けいちゃん、そんな言い方はないでしょう? あなたの嫁が不安がっているのよ? 男なら、ちゃんと正直に話しなさいよ」


 どことなく互いに消化不良のような重い雰囲気になったところで、信元しんげん様が天宮を叱りつけた。何だかお母さんみたいだ。それを受けて、天宮は渋々といった様子で口を開く。

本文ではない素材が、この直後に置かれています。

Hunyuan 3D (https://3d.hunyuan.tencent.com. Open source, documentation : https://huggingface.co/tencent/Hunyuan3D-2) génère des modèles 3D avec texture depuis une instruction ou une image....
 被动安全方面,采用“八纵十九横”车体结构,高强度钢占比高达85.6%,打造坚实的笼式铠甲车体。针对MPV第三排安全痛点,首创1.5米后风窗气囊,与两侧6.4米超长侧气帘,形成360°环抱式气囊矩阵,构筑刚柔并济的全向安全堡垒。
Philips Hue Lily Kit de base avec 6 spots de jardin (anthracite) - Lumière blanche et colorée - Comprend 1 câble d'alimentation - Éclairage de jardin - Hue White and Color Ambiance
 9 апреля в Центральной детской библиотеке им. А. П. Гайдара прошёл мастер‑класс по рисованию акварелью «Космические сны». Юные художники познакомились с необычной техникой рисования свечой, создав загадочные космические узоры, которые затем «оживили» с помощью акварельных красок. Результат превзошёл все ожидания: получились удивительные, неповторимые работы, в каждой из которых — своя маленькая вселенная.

「お前に家事をさせたくて嫁にしたわけじゃない。家事は俺ができるから、別にできないなら無理にしなくていい。嫁としてこうあるべき、みたいな考えがあるなら、それは捨てろ。そんなんじゃ、当主だとか家だとか、そうした型に囚われたままのお前から何も変わらない。俺はもっと、こう……何て言うかな……」


 天宮は肝心のところを濁した。いや、意図的ではなくて、本当に言葉が出てこなかったのだろう。それでも気を遣って話してもらえていたのはわかったし、言いたいことは何となくわかった。


 確かにわたしは、嫁として、嫁らしくあらねば、と気負い過ぎていたかもしれない。まだ初日だというのに。張り切り過ぎて空回りしていたみたいだ。

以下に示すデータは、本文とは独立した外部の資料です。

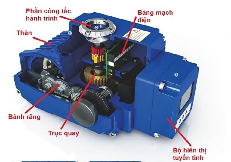 -Phần bộ truyền động điện Phần bộ truyền động điện là nơi lắp đặt động cơ điện để điều khiển chuyển động của cánh van. Khi động cơ hoạt động, nó sẽ truyền lực thông qua một cơ cấu cơ khí (bánh răng, trục vít) giúp đóng hoặc mở van. Bộ truyền động điện có thể được kết nối với hệ thống điều khiển từ xa hoặc tích hợp với cảm biến để tự động vận hành theo các chỉ số đo lường trong hệ thống.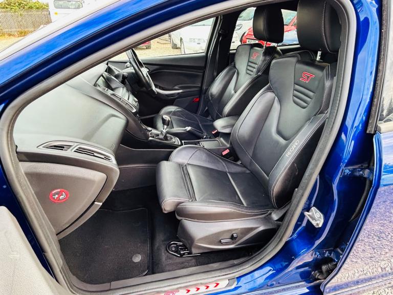 Ford Focus ST3 TDCI 185 Euro 6 - Has covered 83k with great history - Will be supplied with 12 months Mot - Low tax model - Great spec - Finance Available - Part Exchange - Extended Warranties Available Features Include: , 12v power socket - front, 8in touchscreen colour display, aux connection, bluetooth handsfree phone system, centre console - additional 12v power socket, colour tft instrument cluster display, emergency assistance, ford am-fm cd audio system, ford dab audio system, ford sync2, rear auxiliary power socket - 12v, speakers - x6, usb connection, 18in alloy wheels - 10 spoke - rock metallic, body colour bumpers, body colour exterior mirrors, brake calipers painted red, door handles - body colour, door mirrors with integrated indicators, electric windows - front and rear with one touch, electric windows - global opening-closing, heated front windscreen, locking wheel nuts, mini steel spare wheel, power fold door mirrors, st full body styling kit, unique st rear spoiler, abs - anti-lock braking system, airbag - front passenger, airbags - curtain, airbags - curtain rear, airbags - side impact, anti-submarining seat bases, city pack, drivers airbag, eba - emergency brake assist, ebd - electronic brakeforce distribution, esp - electronic stability programme, emergency brake warning, enhance tvc - torque vectoring control, ford easy-fuel capless refuelling system, front seat belts with pre-tensioners, hill start assist, ips - intelligent protection system, isofix - child seat attachments, keyfree system, pedals - collapsible, steering column - collapsible, thatcham category 1 alarm, traction control - tc, air conditioning - dual zone electronic automatic temperature control, automatic dimming rear view mirror, automatic rain sensing wipers, floor mats - carpet - front and rear, handbrake cover - leather, heated driver and passenger seats, height-adjustable mounts on front seat belts, keyless start, mykey, pollen filter, premium centre console, premium centre console - sliding armrest, recaro sculpted 3-seater rear bench seat, st front door scuff plates - illuminated, seat - driver electric height adjustment, seats - 60-40 rear split back, seats - front 8-way power adjustment, seats - front recaro sports, steering column - rake and reach adjustment, steering wheel - audio controls, steering wheel - st leather with red st logo, unique st leather gearshift knob, bi-xenon headlights, headlights - adaptive, headlights - automatic, headlights

 無理やりにでもそうして頭を納得させなければ、切り替えられなかったのかもしれない。無理はしていないなんて昨日は言っておきながら、無意識では無理をしていたのだろう。


「お前には、自由に生きてほしい」


 そう言う天宮の言葉で、わたしは改めて気付かされる。わたしは、不自由だったのだと。